### What the task asks:
Reproduce all the data exactly, without pictures.

### Data:
______________________________

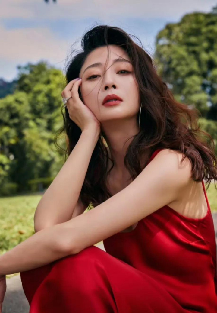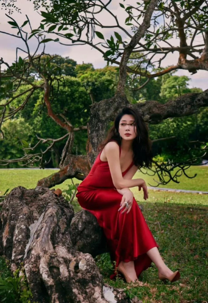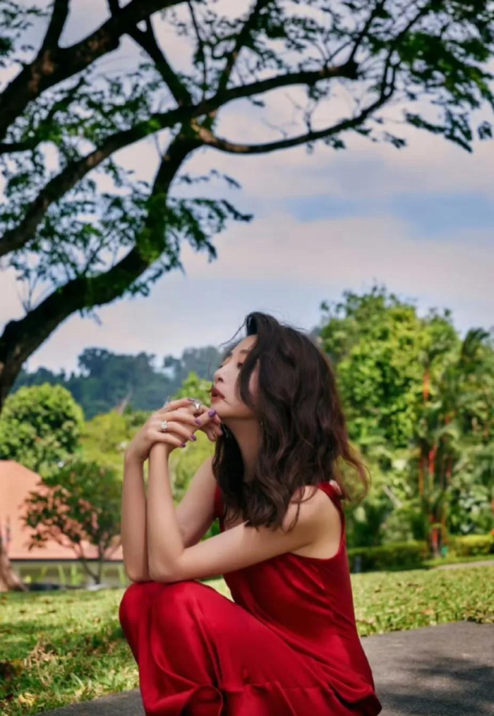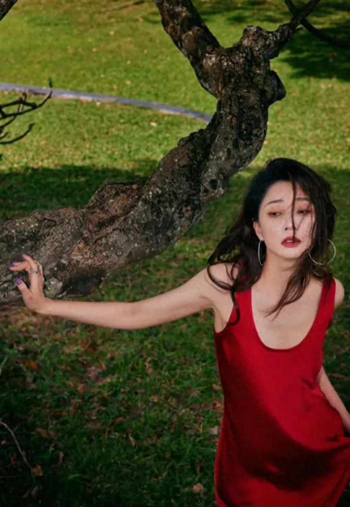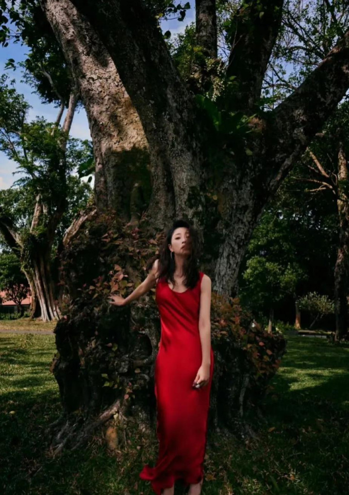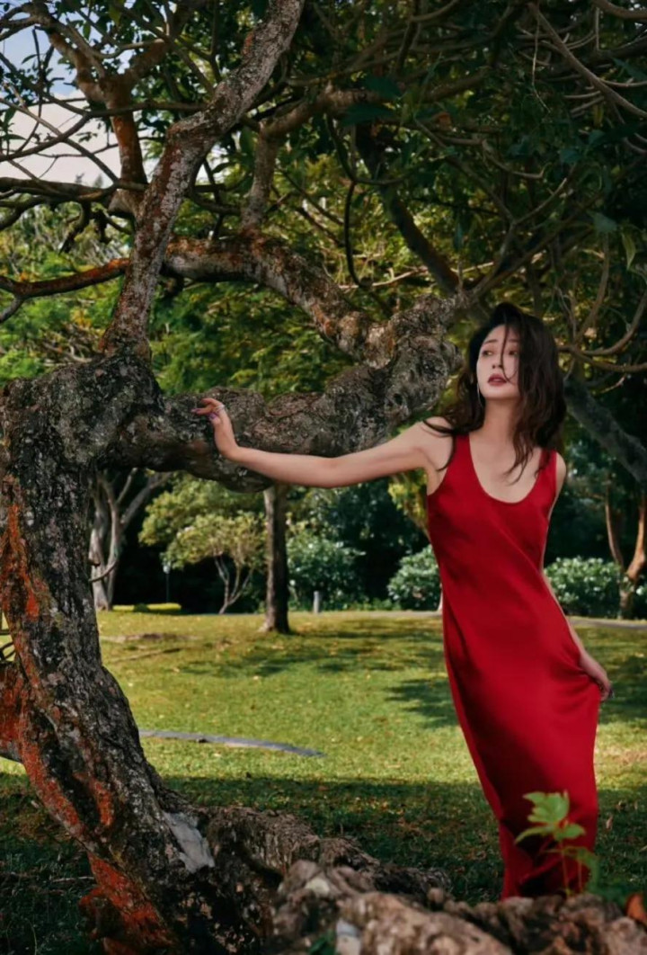 殷桃在树下穿着红衣拍照, 让人联想到樱桃, 太有趣了
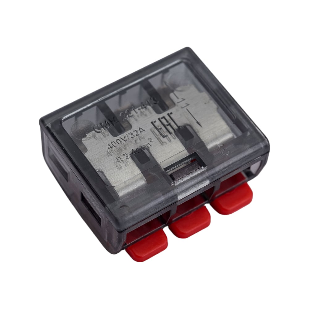 Клемма EKF СМК 221-413, 3 отверстия, 0.2-4.0мм2, 100шт, PROxima SQ plc-smk-221-413
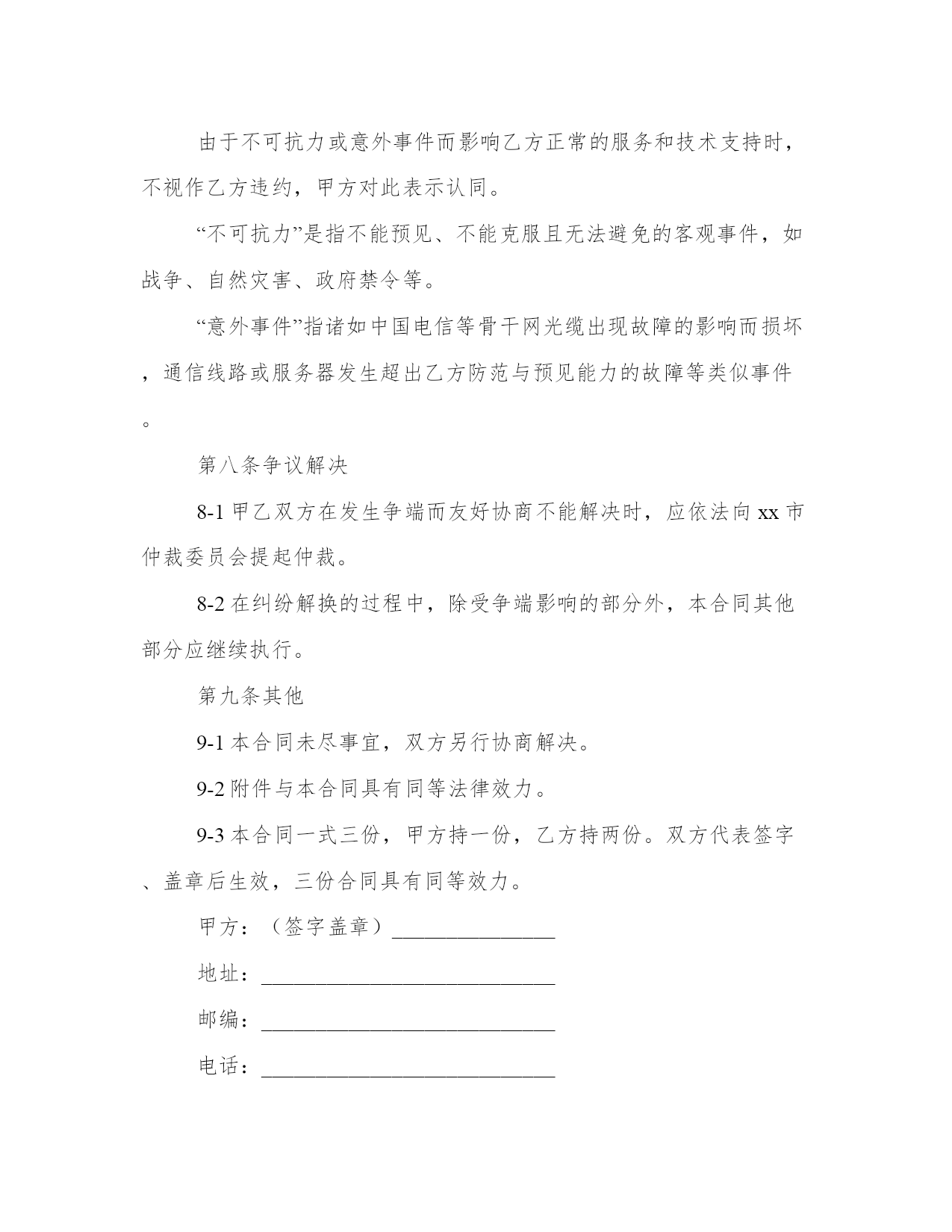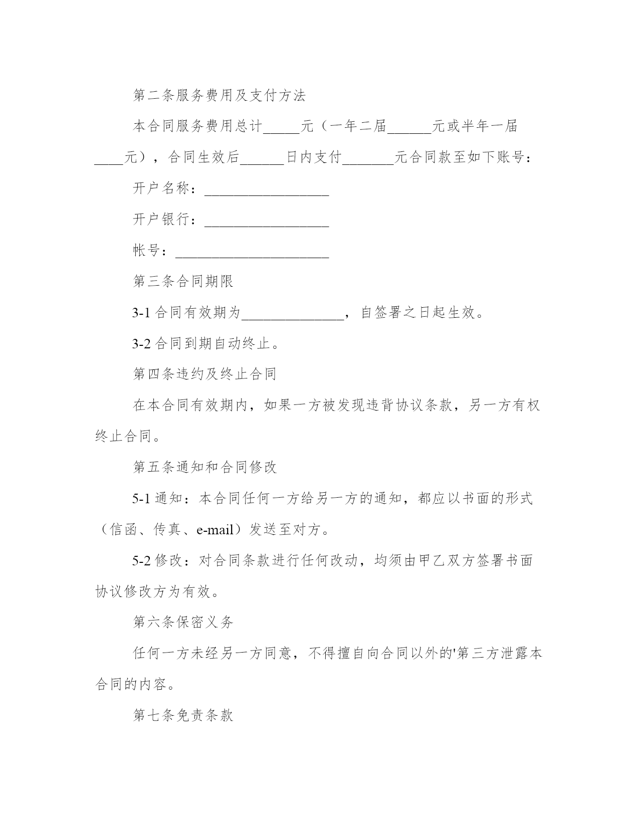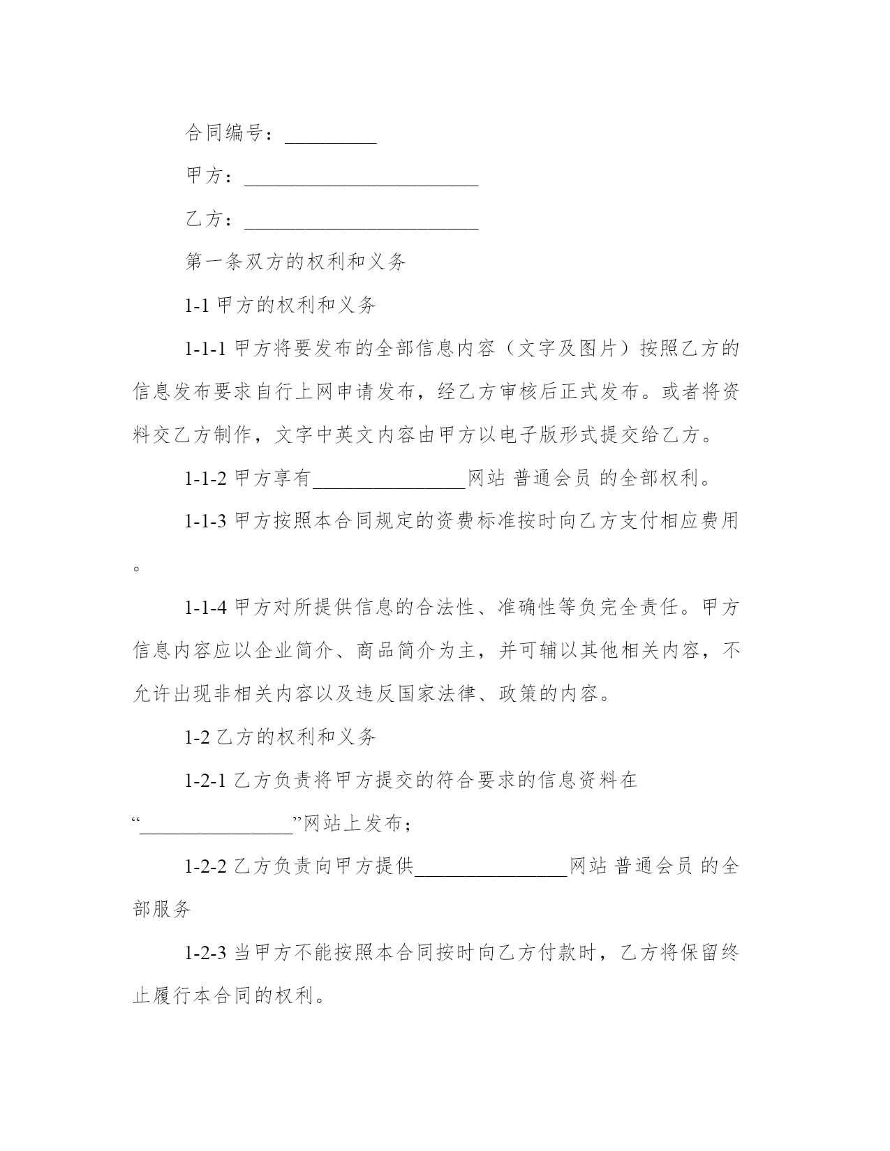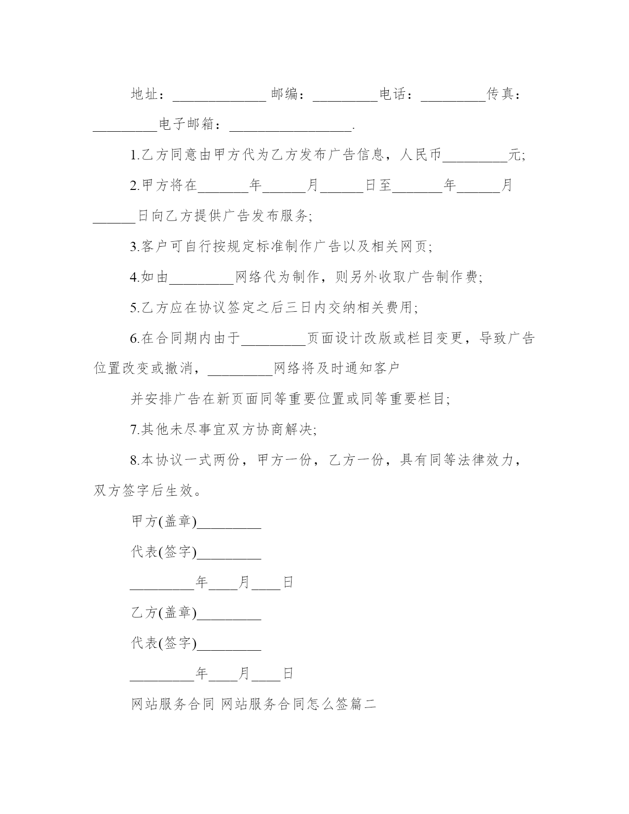 最新网站服务合同网站服务合同怎么签精选现今社会公众的法律意识不断增强,越来越多事情需要用到合同,合同协调着人与人,人与事之间的关系。那么合同应该怎么制定才合适呢?下面是小编给大家带来的合同的范文模板,希望能够帮到你哟!网站服务合同网站服务合同怎么签篇一乙方:__________________________(以下简称甲方)是_________网站首页广告指定代理,全权负责_________网站广告制作发布业务及相关客户服务工作_________(以下简称乙方)是从事_______的公司。甲乙双方经友好协商,就乙方申请_________网站广告宣传事宜达成如下协议:□主页广告a区口主页广告b区□主页广告c区□主页广告d区□主页广告e区□主页广告f区□主页广告g区□主页广告h区口通栏广告a区□通栏广告b区□通栏广告c区□文字广告□弹出广告y区□浮动广告z区□文字链接(友情链接)□文字链接(网站链接)广告申请公司/单位或个人全称:_________________(中文)负责人姓名:_________地址:_____________邮编:_________电话:_________传真:_________电子邮箱:_________________.1.乙方同意由甲方代为乙方发布广告信息,人民币_________元;2.甲方将在_______年______月______日至_______年______月______日向乙方提供广告发布服务;3.客户可自行按规定标准制作广告以及相关网页;4.如由_________网络代为制作,则另外收取广告制作费;5.乙方应在协议签定之后三日内交纳相关费用;6.在合同期内由于_________页面设计改版或栏目变更,导致广告位置改变或撤消,_________网络将及时通知客户并安排广告在新页面同等重要位置或同等重要栏目;7.其他未尽事宜双方协商解决;8.本协议一式两份,甲方一份,乙方一份,具有同等法律效力,双方签字后生效。甲方(盖章)_________代表(签字)__________________年____月____日乙方(盖章)_________代表(签字)__________________年____月____日网站服务合同网站服务合同怎么签篇二合同编号:_________甲方:_______________________乙方:_______________________第一条双方的权利和义务1-1甲方的权利和义务1-1-1甲方将要发布的全部信息内容(文字及图片)按照乙方的信息发布要求自行上网申请发布,经乙方审核后正式发布。或者将资料交乙方制作,文字中英文内容由甲方以电子版形式提交给乙方。1-1-2甲方享有_______________网站普通会员的全部权利。1-1-3甲方按照本合同规定的资费标准按时向乙方支付相应费用。1-1-4甲方对所提供信息的合法性、准确性等负完全责任。甲方信息内容应以企业简介、商品简介为主,并可辅以其他相关内容,不允许出现非相关内容以及违反国家法律、政策的内容。1-2乙方的权利和义务1-2-1乙方负责将甲方提交的符合要求的信息资料在“_______________”网站上发布;1-2-2乙方负责向甲方提供_______________网站普通会员的全部服务1-2-3当甲方不能按照本合同按时向乙方付款时,乙方将保留终止履行本合同的权利。第二条服务费用及支付方法本合同服务费用总计_____元(一年二届______元或半年一届____元),合同生效后______日内支付_______元合同款至如下账号:开户名称:_________________开户银行:_________________帐号:_____________________第三条合同期限3-1合同有效期为______________,自签署之日起生效。3-2合同到期自动终止。第四条违约及终止合同在本合同有效期内,如果一方被发现违背协议条款,另一方有权终止合同。第五条通知和合同修改5-1通知:本合同任何一方给另一方的通知,都应以书面的形式(信函、传真、e-mail)发送至对方。5-2修改:对合同条款进行任何改动,均须由甲乙双方签署书面协议修改方为有效。第六条保密义务任何一方未经另一方同意,不得擅自向合同以外的'第三方泄露本合同的内容。第七条免责条款由于不可抗力或意外事件而影响乙方正常的服务和技术支持时,不视作乙方违约,甲方对此表示认同。“不可抗力”是指不能预见、不能克服且无法避免的客观事件,如战争、自然灾害、政府禁令等。“意外事件”指诸如中国电信等骨干网光缆出现故障的影响而损坏,通信线路或服务器发生超出乙方防范与预见能力的故障等类似事件。第八条争议解决8-1甲乙双方在发生争端而友好协商不能解决时,应依法向xx市仲

______________________________

### Task response:
 殷桃在树下穿着红衣拍照, 让人联想到樱桃, 太有趣了
 Клемма EKF СМК 221-413, 3 отверстия, 0.2-4.0мм2, 100шт, PROxima SQ plc-smk-221-413
 最新网站服务合同网站服务合同怎么签精选现今社会公众的法律意识不断增强,越来越多事情需要用到合同,合同协调着人与人,人与事之间的关系。那么合同应该怎么制定才合适呢?下面是小编给大家带来的合同的范文模板,希望能够帮到你哟!网站服务合同网站服务合同怎么签篇一乙方:__________________________(以下简称甲方)是_________网站首页广告指定代理,全权负责_________网站广告制作发布业务及相关客户服务工作_________(以下简称乙方)是从事_______的公司。甲乙双方经友好协商,就乙方申请_________网站广告宣传事宜达成如下协议:□主页广告a区口主页广告b区□主页广告c区□主页广告d区□主页广告e区□主页广告f区□主页广告g区□主页广告h区口通栏广告a区□通栏广告b区□通栏广告c区□文字广告□弹出广告y区□浮动广告z区□文字链接(友情链接)□文字链接(网站链接)广告申请公司/单位或个人全称:_________________(中文)负责人姓名:_________地址:_____________邮编:_________电话:_________传真:_________电子邮箱:_________________.1.乙方同意由甲方代为乙方发布广告信息,人民币_________元;2.甲方将在_______年______月______日至_______年______月______日向乙方提供广告发布服务;3.客户可自行按规定标准制作广告以及相关网页;4.如由_________网络代为制作,则另外收取广告制作费;5.乙方应在协议签定之后三日内交纳相关费用;6.在合同期内由于_________页面设计改版或栏目变更,导致广告位置改变或撤消,_________网络将及时通知客户并安排广告在新页面同等重要位置或同等重要栏目;7.其他未尽事宜双方协商解决;8.本协议一式两份,甲方一份,乙方一份,具有同等法律效力,双方签字后生效。甲方(盖章)_________代表(签字)__________________年____月____日乙方(盖章)_________代表(签字)__________________年____月____日网站服务合同网站服务合同怎么签篇二合同编号:_________甲方:_______________________乙方:_______________________第一条双方的权利和义务1-1甲方的权利和义务1-1-1甲方将要发布的全部信息内容(文字及图片)按照乙方的信息发布要求自行上网申请发布,经乙方审核后正式发布。或者将资料交乙方制作,文字中英文内容由甲方以电子版形式提交给乙方。1-1-2甲方享有_______________网站普通会员的全部权利。1-1-3甲方按照本合同规定的资费标准按时向乙方支付相应费用。1-1-4甲方对所提供信息的合法性、准确性等负完全责任。甲方信息内容应以企业简介、商品简介为主,并可辅以其他相关内容,不允许出现非相关内容以及违反国家法律、政策的内容。1-2乙方的权利和义务1-2-1乙方负责将甲方提交的符合要求的信息资料在“_______________”网站上发布;1-2-2乙方负责向甲方提供_______________网站普通会员的全部服务1-2-3当甲方不能按照本合同按时向乙方付款时,乙方将保留终止履行本合同的权利。第二条服务费用及支付方法本合同服务费用总计_____元(一年二届______元或半年一届____元),合同生效后______日内支付_______元合同款至如下账号:开户名称:_________________开户银行:_________________帐号:_____________________第三条合同期限3-1合同有效期为______________,自签署之日起生效。3-2合同到期自动终止。第四条违约及终止合同在本合同有效期内,如果一方被发现违背协议条款,另一方有权终止合同。第五条通知和合同修改5-1通知:本合同任何一方给另一方的通知,都应以书面的形式(信函、传真、e-mail)发送至对方。5-2修改:对合同条款进行任何改动,均须由甲乙双方签署书面协议修改方为有效。第六条保密义务任何一方未经另一方同意,不得擅自向合同以外的'第三方泄露本合同的内容。第七条免责条款由于不可抗力或意外事件而影响乙方正常的服务和技术支持时,不视作乙方违约,甲方对此表示认同。“不可抗力”是指不能预见、不能克服且无法避免的客观事件,如战争、自然灾害、政府禁令等。“意外事件”指诸如中国电信等骨干网光缆出现故障的影响而损坏,通信线路或服务器发生超出乙方防范与预见能力的故障等类似事件。第八条争议解决8-1甲乙双方在发生争端而友好协商不能解决时,应依法向xx市仲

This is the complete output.